GAMAB: "Globalement Au Moins Aussi Bon"  Offer a level of risk at least as good as the risk offered by an equivalent existing system. (i.e., no more dangerous than what we have already for a similar function)

MEM: "Minimum Endogenous Mortality"  The technical system must not create a significant risk compared to globally existing risks. For example, this should cause a minimal increase in overall death rates compared to the existing population death rates.

MGS: "Mindestens Gleiche Sicherheit"   (At least the same level of safety) Deviations from accepted practices must be supported by an explicit safety argument showing at least the same level of safety. This is more about waivers than whole-system evaluation.

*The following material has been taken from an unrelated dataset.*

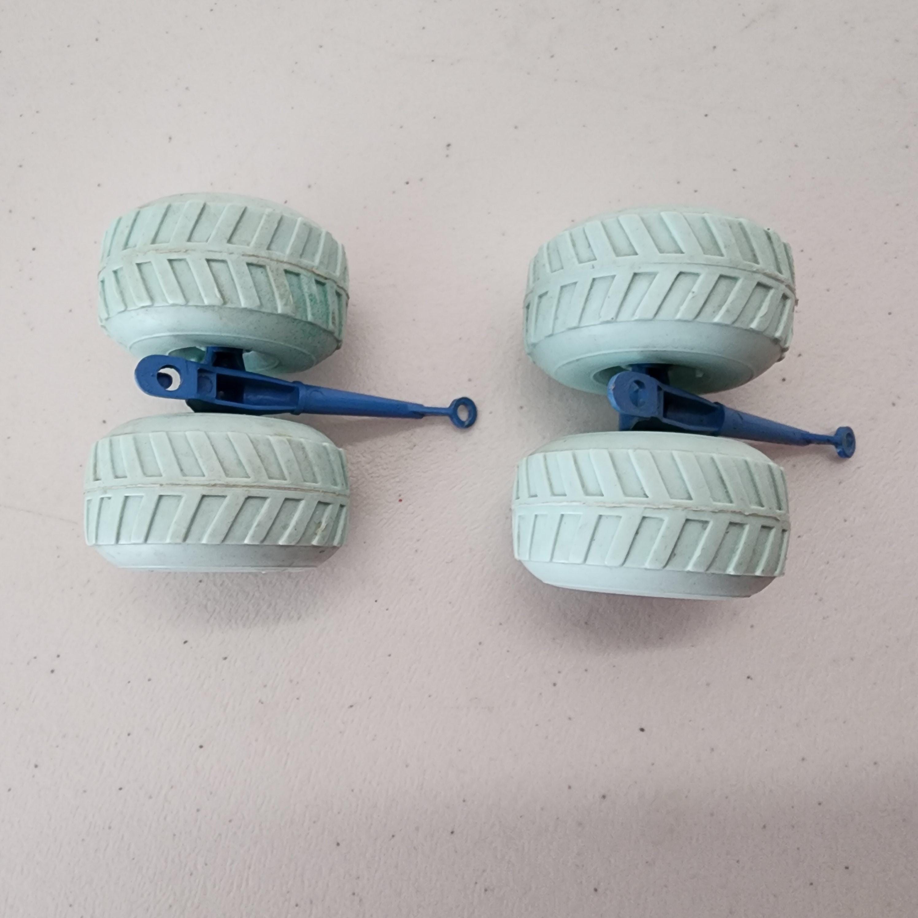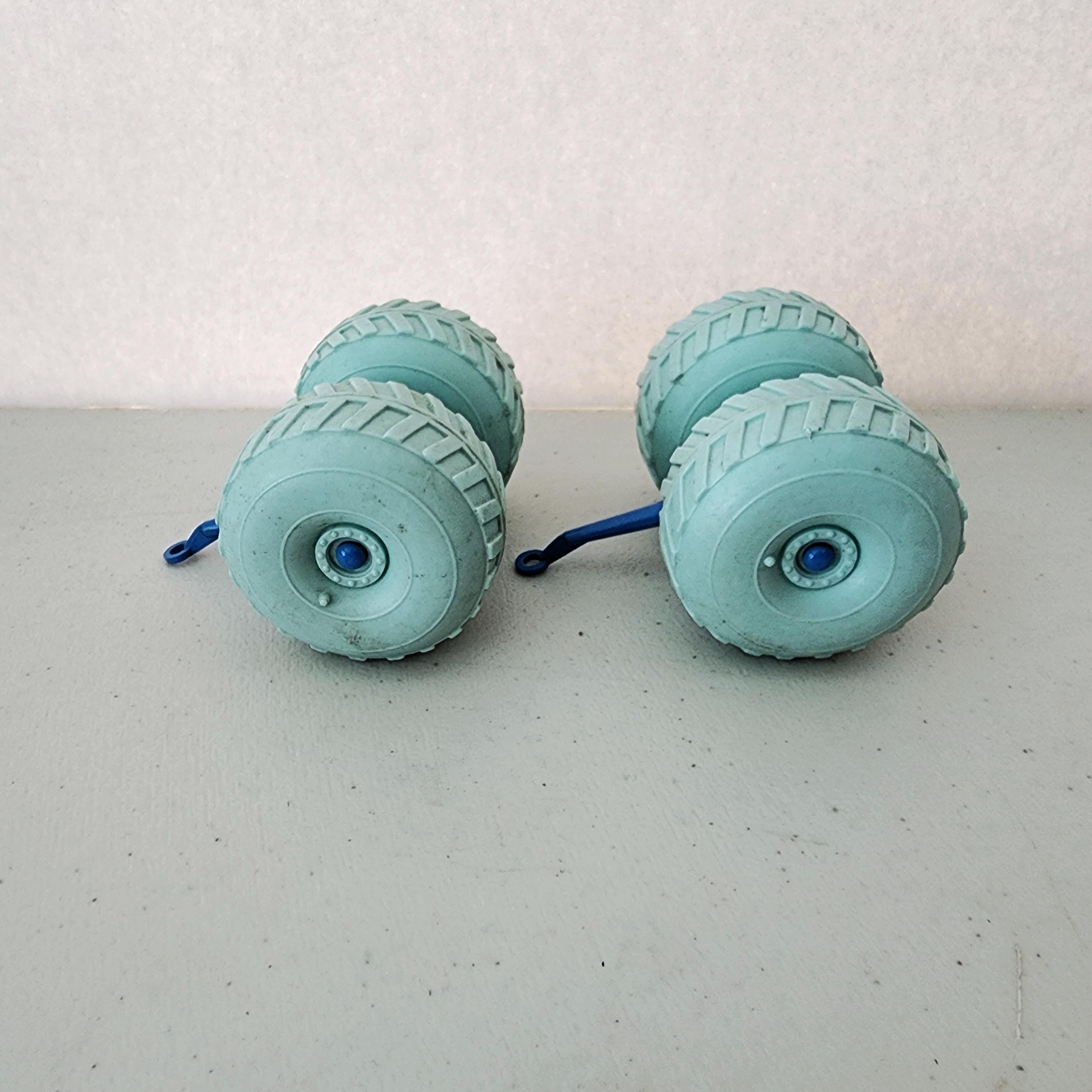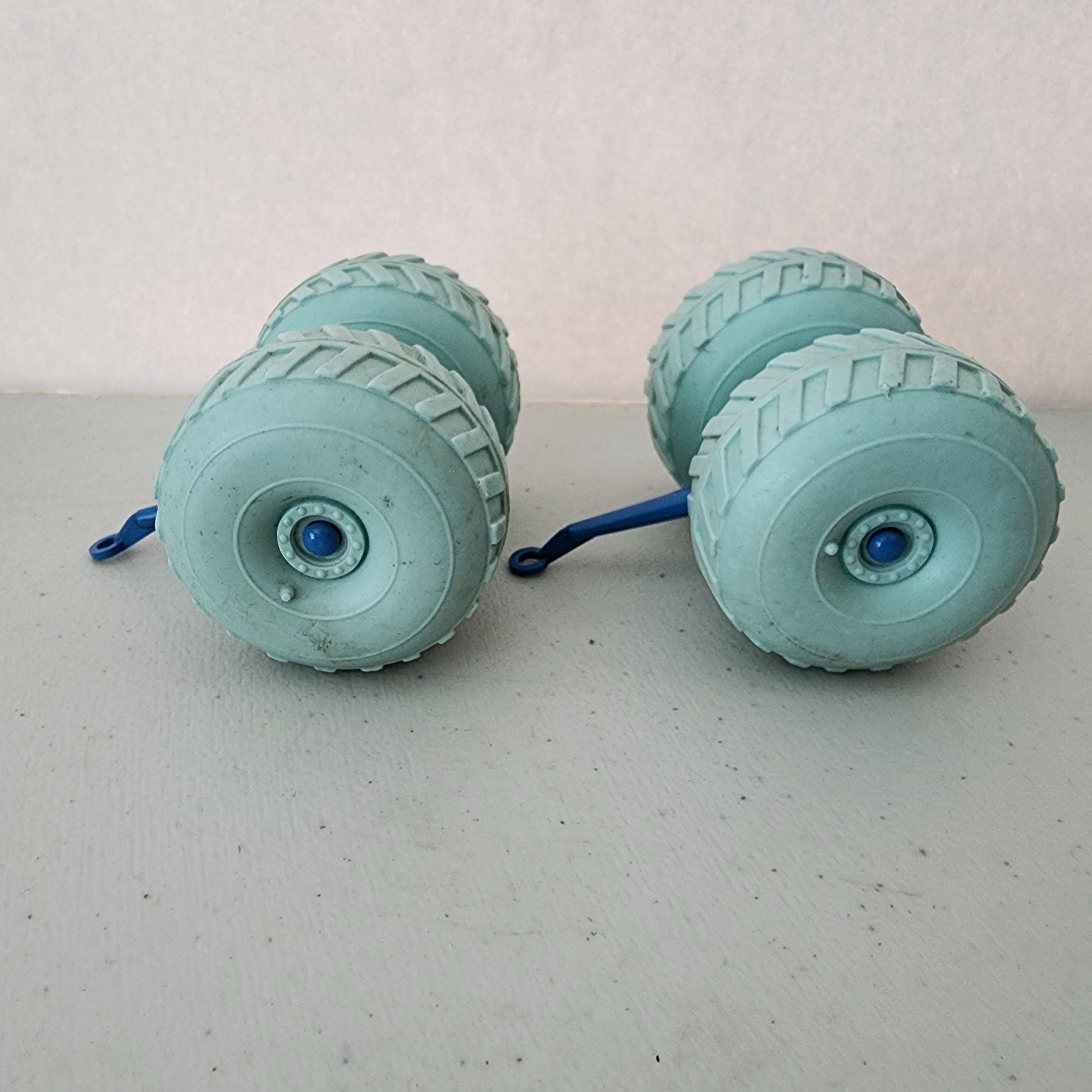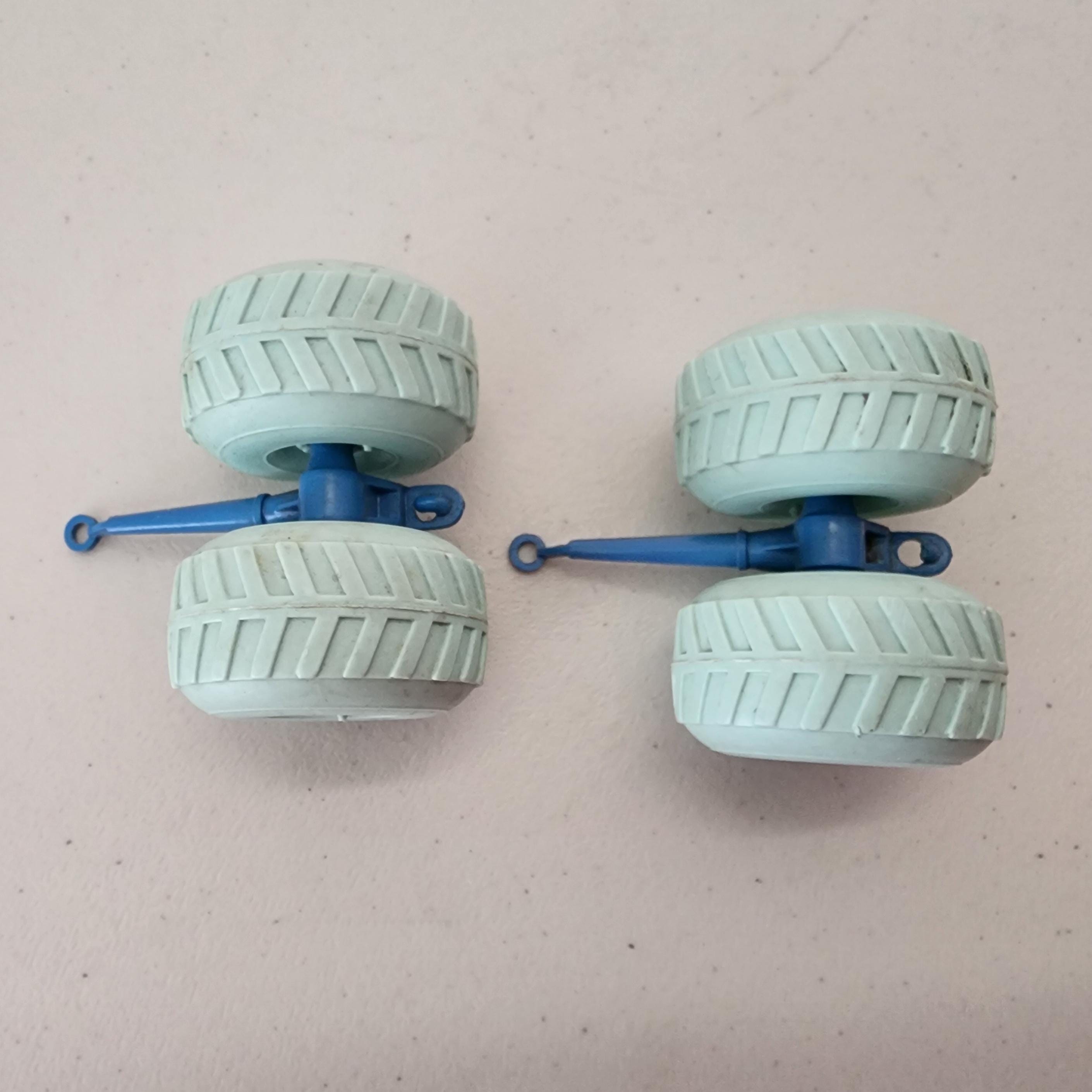 This is a vintage 1960s set of 2 Marx Operation Moon Base balloon wheels with axles. The hard plastic wheels are a mint green and the axles a light/medium blue.

NMAU: "Nicht Mehr Als Unvermeidbar"  (Not more than unavoidable)  Assuming there is a public benefit to the operation of the system, hazards should be avoided by reasonable safety measures implemented with reasonable cost.

Each of these approaches has pros and cons.  The above terms were paraphrased from this nice discussion:
Kron, On the evaluation of risk acceptance principles,

There is an interesting set of slides that covers similar ground here, and works some examples. In particular the graphs involving whether risks are taken voluntarily for different scenarios is thought provoking:

In general, if you want to dig deeper into this area, a search on
    gamab mem alarp 
will bring up a number of hits

Also note that legal and other types of considerations exist, especially regarding product liability.